Ryan Oglesby

Testing JavaScript Web Workers with Jasmine

August 29, 2014

JavaScript Web Workers have been around for awhile now, but I had not needed them until recently. Without going into too much domain specific info about the actual use case, I decided to go with Web Workers to handle map reduce style statistic calculations on a data set in the browser.

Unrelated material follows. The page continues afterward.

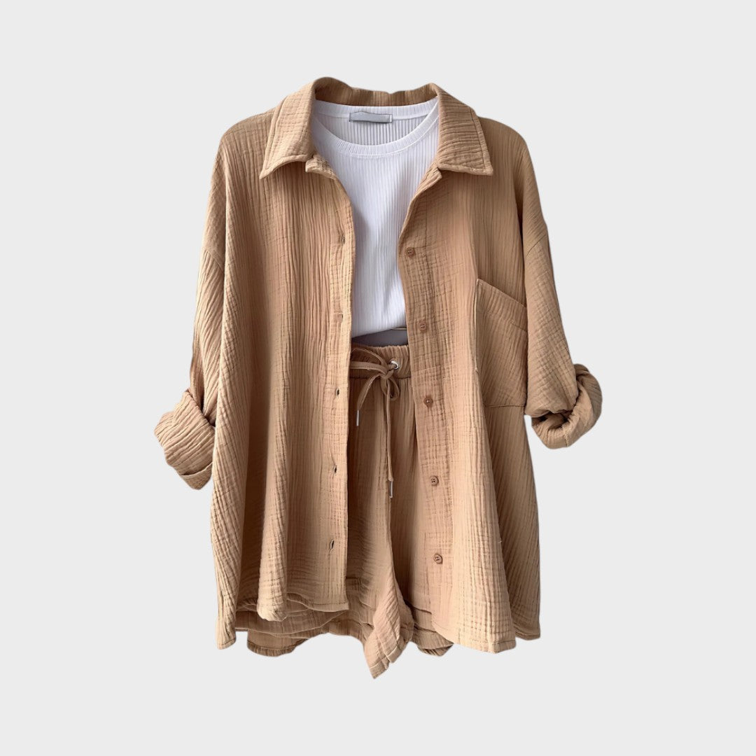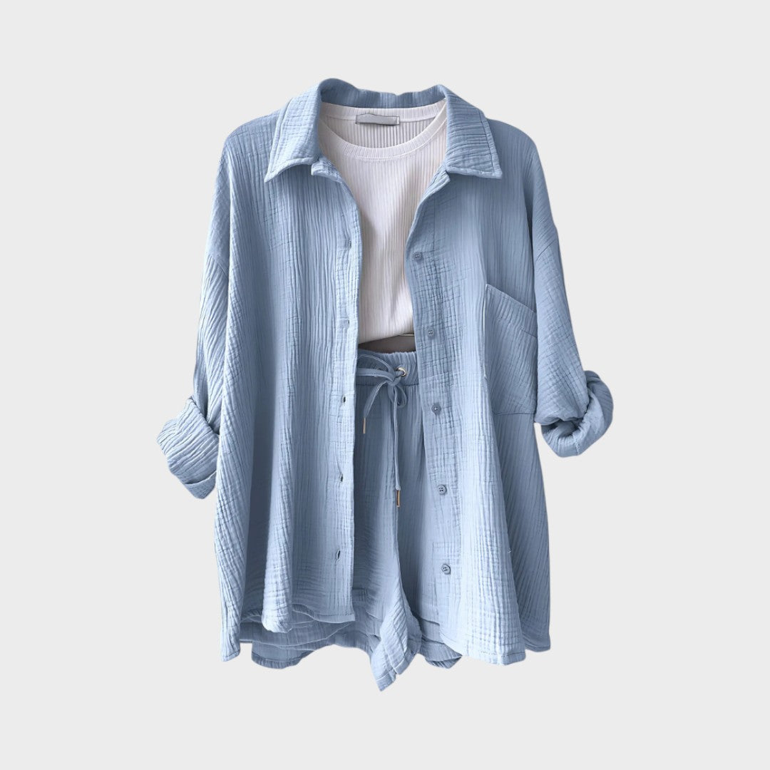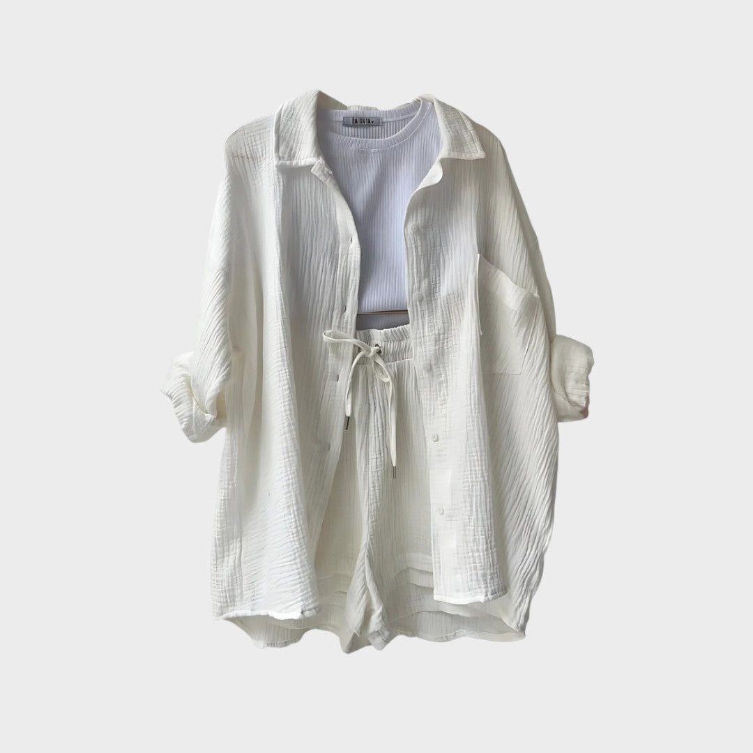 Ovaj svestrani ljetni set nudi savršeni balans između opuštenosti i stila. Sastoji se od lagane košulje i šortsa, idealnog za tople dane. Udoban, praktičan i uvijek u trendu, bit će vaš go-to outfit za casual izlaske, putovanja ili opuštanje kod kuće.

I was stoked to find the Web Worker API small and straightforward, making it super easy to get up and running. The only real speed bump while getting started was the lack of support in older browsers (IE8 and IE9 you ruin everything). However, turns out there is already a polyfill that works great. :) https://code.google.com/p/ie-web-worker/

I am a big proponent of testing my code. After some Googling, I didn’t find anything talking about testing JavaScript Web Workers, hence, this article.

First Attempt:

A long running background worker would be difficult to properly unit test, but my case was a bit simpler. I was posting data to the worker and letting it spit a result back out. I decided to just try the simplest Jasmine test first:

Note: This is just an example with a similar structure as my actual app.

// sum_foo.js

onmessage = function(e) {
  var array = e.data

  var sum = array.reduce(function(sum, element) {
    return sum + element.foo
  }, 0)

  postMessage(sum)
}
// sum_foo_spec.js

it('sums the values of foo', function() {
  var worker = new Worker('sum_foo.js')
  worker.onmessage = function(result) {
    expect(result.data).toBe(6)
  }

  worker.postMessage([{ foo: 1 }, { foo: 2 }, { foo: 3 }])
})

Surprising to me, this didn’t work! :( The test seemed to pass, but there was a Jasmine error.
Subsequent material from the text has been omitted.